Thursday, May 7, 2015

We've got Cows! By Tia Dani

(With apology to the writers' of the movie, "TWISTER".)

BUY FROM AMAZON








Whenever we work at a restaurant, it means we're usually creating a new book.

Beginning a new story, always fires us up, however, sanity also rears its annoying pointy head and sniffs, "Where are you going to start?"

Since our stories are generally character driven, we first like to know our characters inside and out. We talk about who they are and what they specifically want. Once we've got their names and backgrounds, flaws, and why they are driven, then we work on where we're going with the story.

Actually sometimes a plot line will come to us first, but that's a topic for another blog later on. (Has anyone picked up we're always saving things for other blogs?)

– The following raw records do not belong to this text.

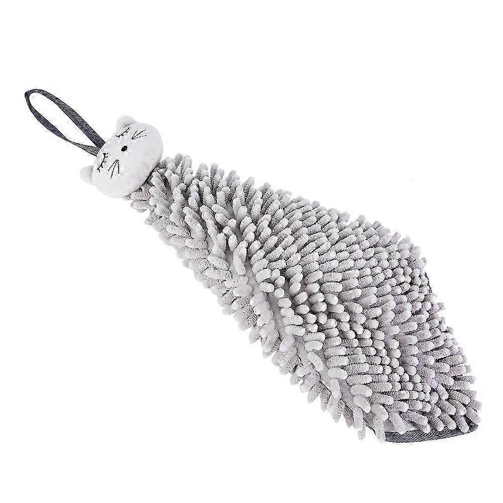 Hand Cleaning Towel Hanging Loop Washcloths Super Absorbent Cotton Hand Towel(Gray)
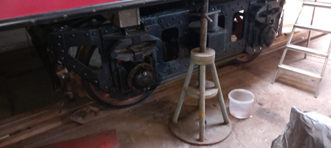 Das ist das Drehgestell des daneben stehenden Triebwagens... .Die darüber befindlichen Bilder beziehen sich auf einen "Zweiachser". Das kann man so noch nicht direkt sehen, weil beide Triebwagen sehr eng stehen und Detailfotos davon noch fehlen. Diese werden später noch nachgereicht!
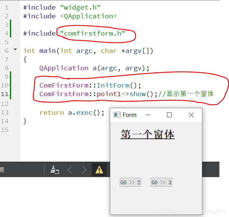 (5)main.cpp中,第一个窗体的显示
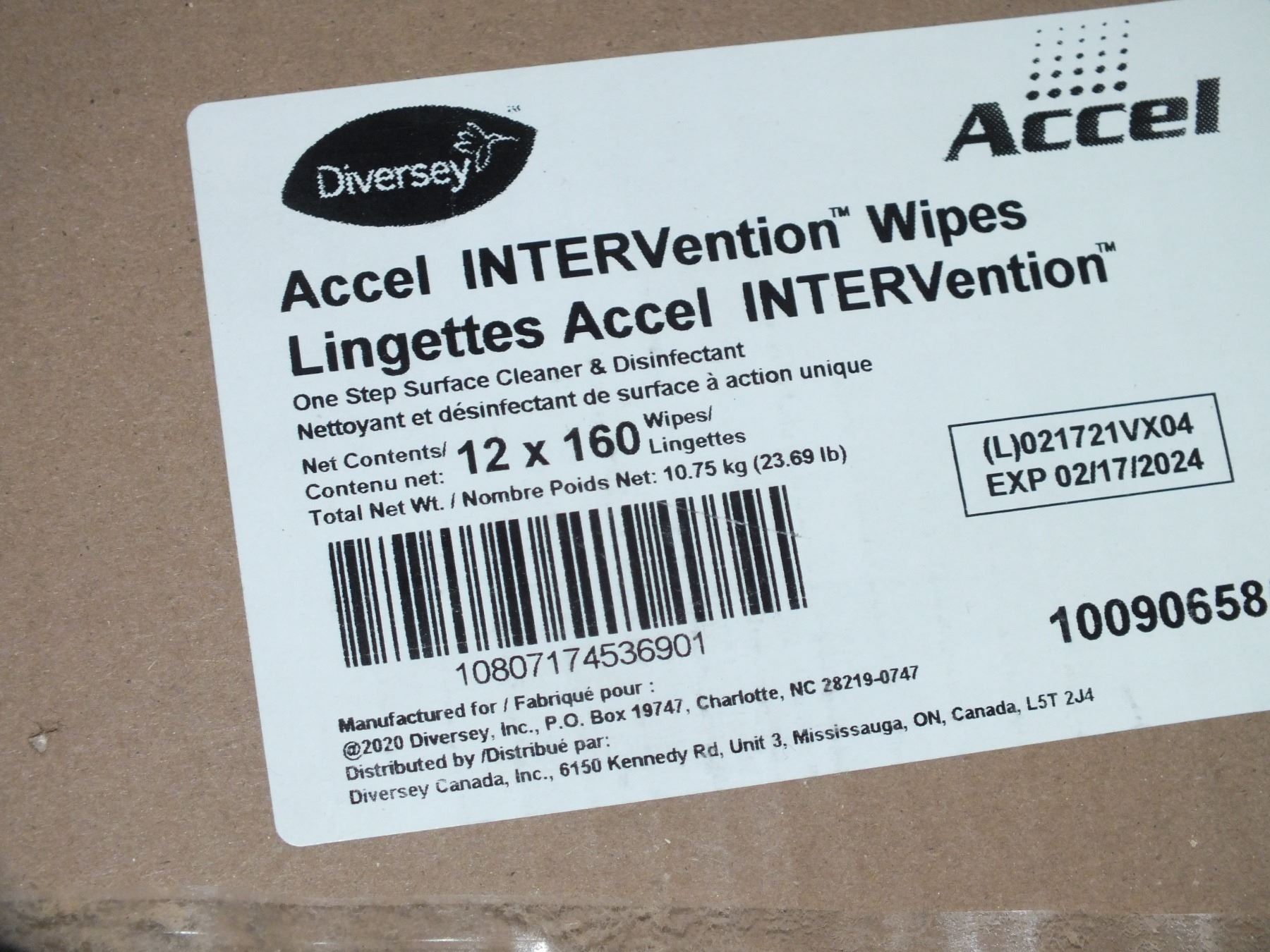 Diversey Accel Intervention Surface Cleaner & Disinfectant Wipes, you get 1 case of 12 tin, 160 wipes per tin, expired Feb 17/24...New

Back to brainstorming. Our second step is who opens the story in their point of view? Normally we gear our books toward the romance genre (Dani's strong point), so we usually start with the heroine. Sometimes the hero will protest and win the argument. We're really not gender driven.

But here's where it gets tricky. Once we know the characters, know the underlying plot, we have to add flesh and blood to the story…the stuff that not only draws readers avidly into the book, but ourselves as well.

We rely on our handy dandy writing class rule. Every scene needs three parts:

1. Goal. What does the character want? CHECK. DONE THAT.

2. Conflict. A series of difficulties characters must face on the way to reaching their goal. CHECK…WAIT! HOLD ON…We're not exactly there yet.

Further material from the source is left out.